Guest users (B2B) can be invited to a workspace. You can control their permissions via Tenant Settings (e.g., “Allow guest users to edit content”). Best Practice: Use Entra ID Groups to manage guest access rather than inviting individuals.

For highly regulated industries, Fabric supports CMK. This allows you to bring your own encryption key (stored in Key Vault) to encrypt data at rest in OneLake. Therefore, if you revoke the key, the data becomes instantly unreadable to everyone, including Microsoft.

Fabric provides built-in Business Continuity and Disaster Recovery. OneLake data is replicated (ZRS/GRS depending on region). In a regional outage, Microsoft manages the resiliency of the OneLake storage and Fabric control plane. However, customers are responsible for designing their own recovery strategy for code artifacts (via Git) and data pipelines.

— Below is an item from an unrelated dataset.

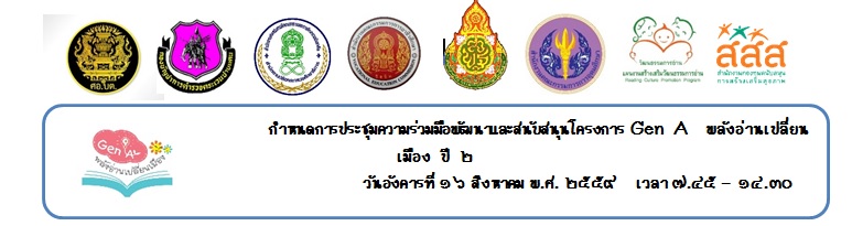 กำหนดการประชุมความร่วมมือพัฒนาและสนับสนุนโครงการ Gen Aพลังอ่านเปลี่ยนเมือง ปี ๒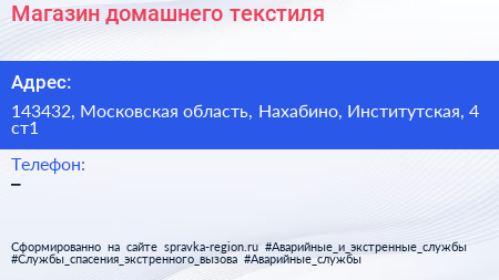 Магазин домашнего текстиля по адресу 143432, Московская область, Нахабино, Институтская, 4 ст1 в дальнейшем Организация, размещена в следующих категориях:

If a workspace is deleted, it enters a “Soft Delete” state. A Fabric Administrator can restore the workspace (and all its items) within the retention period (typically 30 days) from the Admin Portal. After that, it is permanently lost.

Using Git integration is a governance best practice. It provides version history, rollback capabilities, and “Code Reviews” (via Pull Requests) before changes are merged to production. This prevents unauthorized or accidental changes to critical governance policies defined in code.

To avoid bottlenecks, avoid being the only Fabric Admin. Delegate “Capacity Admin” rights to IT leads and “Domain Admin” rights to business unit leads. Thus, you ensure that routine tasks (managing workspace access, monitoring capacity) are handled locally.